Fiddlers as n'er do wells
Transcript
File: cousinsjohn-oh-badinstrument_M.mp3
Speakers:
JC – John Cousins
JC: There was a belief in the community around here that if a man ever became a fiddler, a good fiddler – In order to be a good fiddler, you couldn't be any good for anything else. First of all it implied an addiction to the instrument, and there was an addiction to it. And young fellers, once they got playing it they'd spend all their time playing the fiddle and do nothing else. And so the belief was that if you became a good fiddler you were useless for anything else.You were done for, you would never be a success in life, that was it. That was a strongly held belief. And somebody told me that down at Rock Barra, which is near where you fellers were staying, near East Point – Somebody told me, now whether this is a myth or not – Anyway, Rock Barra is now a deserted community. There's nobody there. You drive along and I don't know if there's a farm there or not. But someone attributed the demise of this community – Everybody had gone, the farms all went in decay. And somebody attributed it to the fact that there was too many good fiddlers (laughter). And they just never did anything else but play the fiddle and they were useless. And so there was – To an extent there would have been a little stigma attached to playing the fiddle. Fiddlers were pretty – they had a function. Virtually everyone in the community had a function . Communities remained stable over decades. In order for it to work, everyone sort of fitted in place and of course the fiddlers were the center of the entertainment. And there is a good deal of lore about fiddlers and about their neglect of their work. One of the best fiddlers here, and I didn't know this man but people my age remember him. He lived out – Probably would be not too far from O'Leary.

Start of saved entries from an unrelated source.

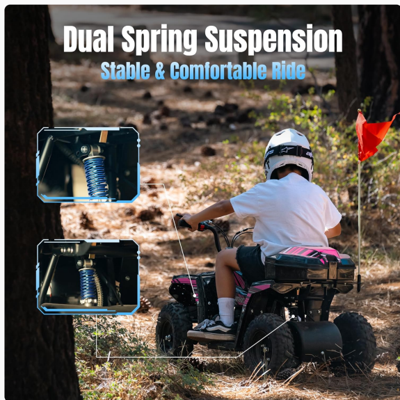
Figure 2.4: Detailed view of the dual spring suspension system. This image emphasizes the design that provides a stable and comfortable ride, absorbing shocks on uneven terrain.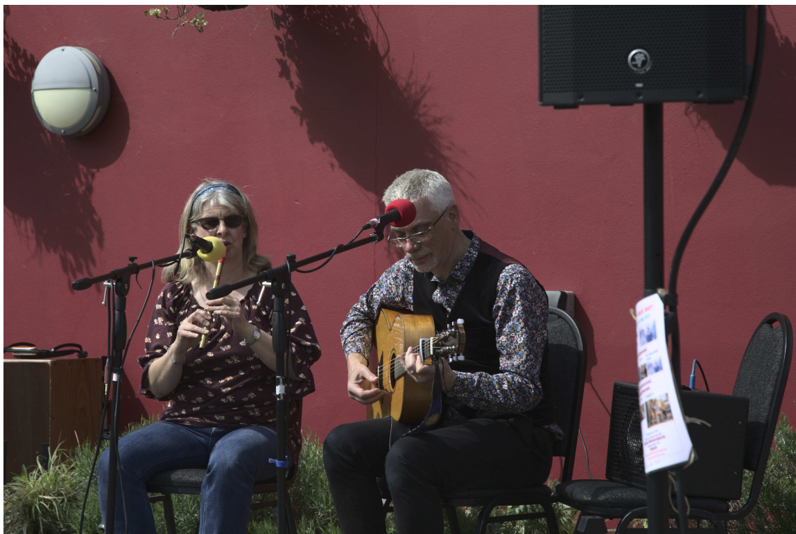
F47B6501 - Lady Bay Arts Trail.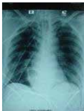
Fig: Chest X-ray P/A view after removal of the the mass.

Neurogenic tumors comprise 19% to 39% of all mediastinal tumors. They develop from mediastinal peripheral nerve, sympathetic and parasympathetic ganglia, and embryonic remnants of neural tube. Because posterior compartment of mediastinum includes spinal nerves, vagus nerve, and sympathetic chains, neurogenic tumors of the mediastinum are most commonly present in the posterior mediastinal compartment. Among posterior mediastinal neurogenic tumors, schwannoma is the most common. Mediastinal benign schwannomas originate from Schwann cells. They affect both genders equally and develop predominantly in the third and fourth decades of life. Multiple tumors can be presented with neurofibromatosis. Mediastinal benign schwannomas are most often asymptomatic. However, sometimes mediastinal benign schwannomas can cause severe problems such as cardiac tamponade or pleural effusion, though bloody pleural effusion is usually associated with malignant schwannoma. Benign schwannomas are typically treated by surgical resection. VATS can decrease hospital stay and minimize post-operative complications; it has become the preferred method for resection for posterior neurogenic tumors. In the present case, we performed open thoracotomy because the mass was large and fixed to the posterior thoracic wall. It is important to note that postoperative course may be complicated in schwannoma cases by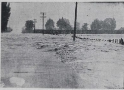
The road to Pukekohe, where settlers have been driven from their homes to take refuge in the school, was heavily scored by the rip of the flood. A view of the flooding water.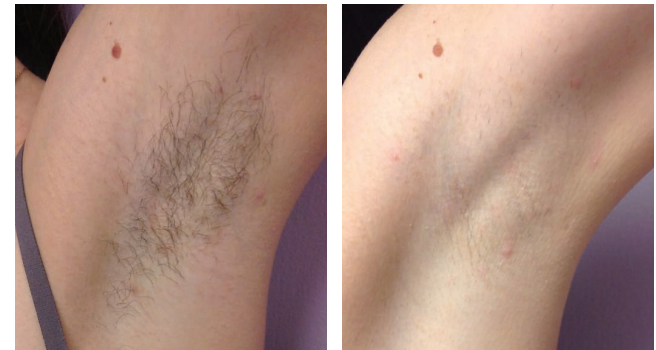
Skin Type II | 4 months post 3 tx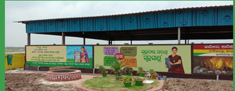
Wealth Centre is branded with beautiful messages at Paradeep Municipality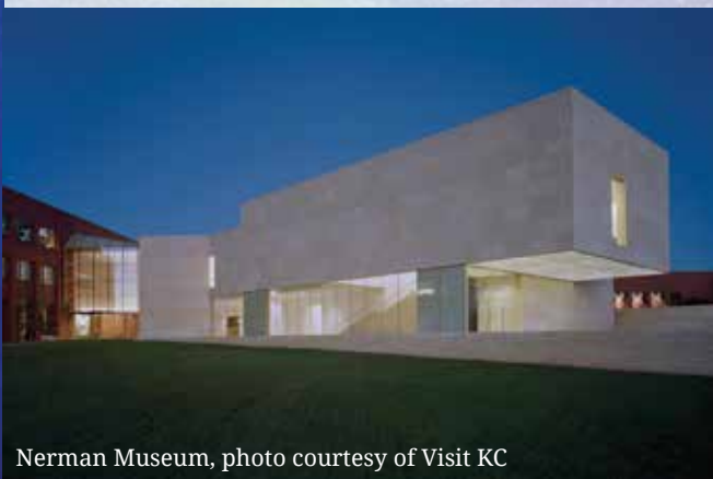
Nerman Museum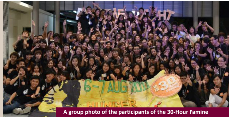
A group photo of the participants of the 30-Hour Famine

Participants of the 30-Hour Famine starved for 30 hours without solid food to experience first-hand the dire conditions that impoverished children and families endure every day. During that time, various educational programmes were conducted, including interactive mini-talks, video presentations, and simulated games to acquaint participants with the worldwide humanitarian work of World Vision.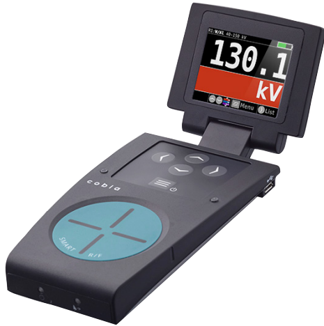
Cobia SMART R/F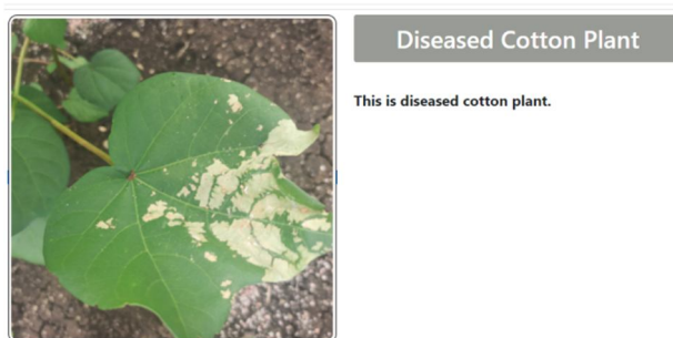
Fig.5:Output prediction(Diseased cotton plant)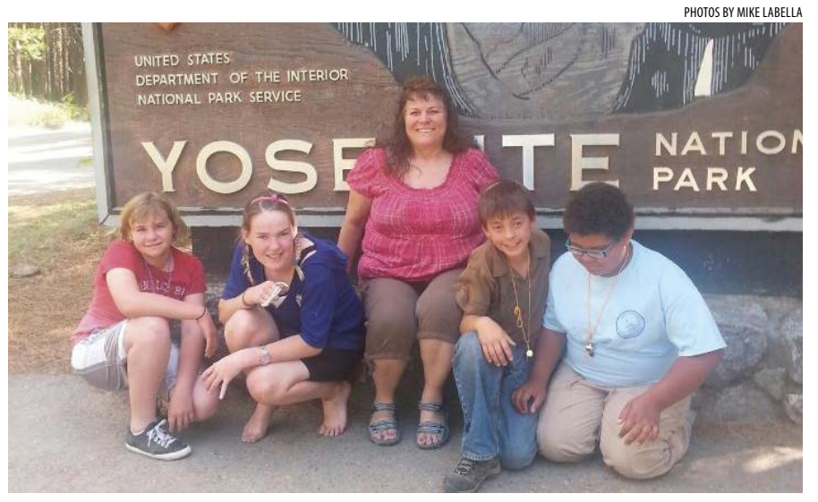
Campers arrive at the park ready to experience God's creation.

Monday, during an open-air tour of the valley, the park ranger shared that there had been a massive rock slide — so large that it had destroyed the switchbacks on the John Muir Trail. Fortunately, because it happened early in the morning, no one was on the trail in the path of the slide. If it had been later in the day, it's possible that many people could have been killed or injured.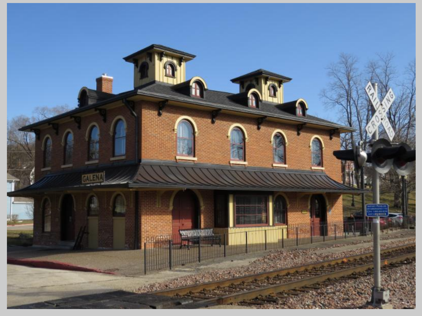
After--Storm Windows Affixed to Protect Sash and Provide Energy Efficiency

Our traditional storm windows are custom made to match the window configuration. Many of the windows have a half round top, for which we needed a template to ensure they would fit correctly when fabricated.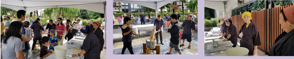
Wed, 12/27/2017: Mochitsuki demo at Hawaii Prince Hotel (Above)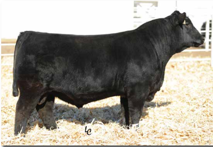
TJ Z54 >> Sire of Lot 218.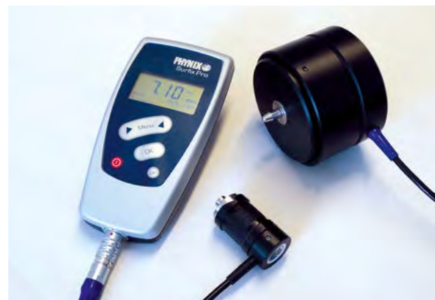
Fig.2: Coating thickness gauge Surfix® Pro S-CT with probes F 30-T and F10

Gauge Surfix® Pro S-CT with rubber protective cover, calibration standard(s), probe(s) according to order, two AA batteries, data transfer program, instruction manuals and manufacturer's certificate, all in a rugged plastic carrying case, the probe F 30-T is delivered in a soft carrying pouch.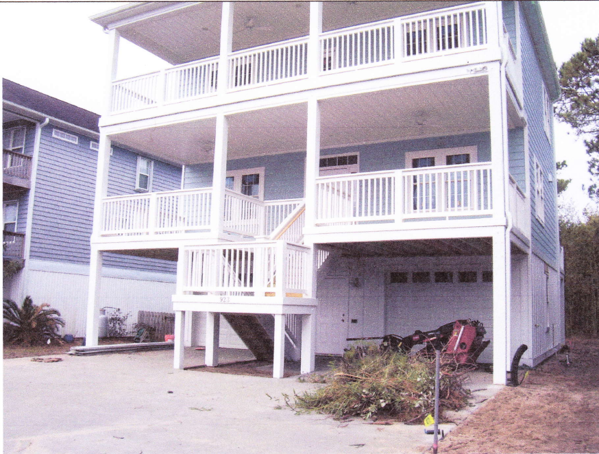
Front View (Photo taken March 6, 2015)

If using the Elevation Certificate to obtain NFIP flood insurance, affix at least 2 building photographs below according to the instructions for Item A6. Identify all photographs with date taken; "Front View" and "Rear View"; and, if required, "Right Side View" and "Left Side View." When applicable, photographs must show the foundation with representative examples of the flood openings or vents, as indicated in Section A8. If submitting more photographs than will fit on this page, use the Continuation Page.

And his name was Guy Bolter, and Guy Boulter was a great fiddler. And I remember they told stories about Guy Boulter. He farmed, but he never made any success of farming at all, because he always neglected his farming. This was like cocaine almost: the God-blamed fiddle. And they said he would go to cut grain. Now in order to cut grain you had to haul a binder. In order to haul a binder you needed three horses, a binder was the heaviest piece of machinery that was on the farm for horses to haul. I have a binder right out there [points outside] as a matter of fact, but no horses. It was quite a complicated maneuver to hitch a three-horse team. I can't do it; I never learned.
They said Guy Boulter would, if he was out on the binder: hitch the horses he'd be out cuttin' grain – And if a tune got goin' through his head, he'd be thinking about this tune. It'd get to him so bad, that he'd get off the binder, he would drive to the barn, he would unhitch the horses, and he would put them in the barn and he would go in and sit down and play that tune on the fiddle. He couldn't stop himself.